馭者台には、黒髪の大柄な男と、陽の光でキラキラと、輝くブランドのやや華奢な男が座っていた。
兎に角、妙な一行だった。
しかし、取り立てて急ぐ様子もなく、のんびりと街道を走り、街道の道筋が荒れていると、脇道へと逸れていく。あてのない旅のように見えた。
そんな訳で、街道を行き交う者も、畑を耕す者も、ましてや夜盗も、気にはするものの、目の端へと追いやってしまっていた。

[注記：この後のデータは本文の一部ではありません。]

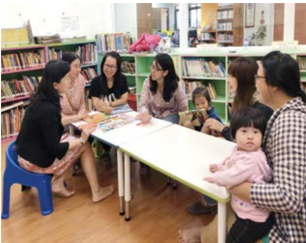
▲ 高雄市立圖書館林園分館是個大家庭，新手媽媽們在這裡交換育兒經驗。

現今的公共圖書館，從過往學生借閱書本、K書的地方，搖身一變成了全方位年齡層的教育學習大平臺！不僅可以讓孩子領略閱讀之美，出社會或已退休的成年人，也可透過圖書館得到培力機會。
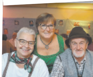
Anita aus Wels
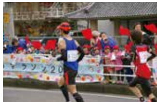
▲山の辺幼稚園児による応援(山の辺幼稚園前)

そんなのんびり走っている、幌馬車の馭者台では、黒髪の男が、隣に座る、実は彼の妻、オスカルに先ほどからずっと、頼み込んでいた。昨夜は眠らなかっただろう。少し、後ろへ行って、横になってこい。と、妻の体を心配して、言い続けていた。
*******************
昨夜の、ソワソン家の食堂は、先日オスカルとアンドレが、どこからか分からないが、・・・分からないから、あの世からという事にした。・・・戻って来たお祝いの時の様には、人気が無かった。
オスカルとアンドレは、今日アンドレが、手に入れてきたフランス北部のロードマップを見ながら、食事をしていた。相変わらず、前にはアランが座っている。
この街道が、使えれば容易にアラスに到着できるのだがな~!アンドレが、パリから真っ直ぐにアラスへと延びる街道を、形の良い、しかし男らしい指でなぞった。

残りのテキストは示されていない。